JULY 2014 BAD FAITH CASES: INSUREDS FAILED TO PLEAD ANY FACTS TO SUPPORT A PLAUSIBLE BAD FAITH CLAIM IN UIM CASE, COURT GIVING EXAMPLES OF FAILURES IN PLEADING, BUT GIVES LEAVE TO AMEND; COURT STATES FIDUCIARY RELATIONSHIP ONLY EXISTS BETWEEN INSURED AND INSURER IN LIMITED CIRCUMSTANCES (Middle District)
In Flynn v. Nationwide Insurance Company of America, the insured brought a UIM claim, alleging breach of contract, lost wages and bad faith, and included within his complaint allegations that the carrier breached its fiduciary duty. The carrier moved to dismiss the bad faith claim, and to strike references to its alleged fiduciary duty.

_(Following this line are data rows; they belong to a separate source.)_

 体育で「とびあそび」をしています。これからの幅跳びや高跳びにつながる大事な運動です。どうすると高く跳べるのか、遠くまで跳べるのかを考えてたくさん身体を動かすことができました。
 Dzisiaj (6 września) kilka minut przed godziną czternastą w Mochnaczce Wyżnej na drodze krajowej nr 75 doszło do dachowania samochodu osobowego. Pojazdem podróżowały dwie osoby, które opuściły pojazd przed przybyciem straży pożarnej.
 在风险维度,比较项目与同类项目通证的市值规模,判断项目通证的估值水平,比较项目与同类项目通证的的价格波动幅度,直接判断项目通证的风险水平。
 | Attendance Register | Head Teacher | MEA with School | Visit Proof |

Although the insured alleged 15 kinds of bad faith the claim was dismissed, as the Court found all of these were only legal conclusions, and were not factual allegations sufficient to make out a plausible bad faith claim. Examples given by the court included “failing objectively and fairly to evaluate plaintiffs’ claim,” “failing to adopt and implement reasonable standards in evaluating plaintiffs’ claim,” “failing to promptly offer reasonably payments to the plaintiffs,” and “failing to make an honest, intelligent, and objective settlement offer.”

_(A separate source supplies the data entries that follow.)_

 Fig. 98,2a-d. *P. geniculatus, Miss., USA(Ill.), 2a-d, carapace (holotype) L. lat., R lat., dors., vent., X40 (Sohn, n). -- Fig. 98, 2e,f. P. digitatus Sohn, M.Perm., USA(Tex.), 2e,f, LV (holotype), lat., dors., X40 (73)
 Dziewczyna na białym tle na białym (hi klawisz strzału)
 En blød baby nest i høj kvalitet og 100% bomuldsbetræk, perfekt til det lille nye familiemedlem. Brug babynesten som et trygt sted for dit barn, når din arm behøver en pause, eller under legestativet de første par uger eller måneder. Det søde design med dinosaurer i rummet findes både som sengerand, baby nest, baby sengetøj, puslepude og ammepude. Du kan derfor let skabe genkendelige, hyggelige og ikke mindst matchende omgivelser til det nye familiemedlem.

Thus, e.g., “plaintiffs claim that [the insured] engaged in ‘abusive claims handling’ without explaining what the abusive behavior was. Plaintiffs also make the perfunctory allegation that [the insurer]’s payment offers weren’t reasonable, but does not disclose what those offers were, what his damages were, or how defendant’s offers were inadequate and unreasonable.”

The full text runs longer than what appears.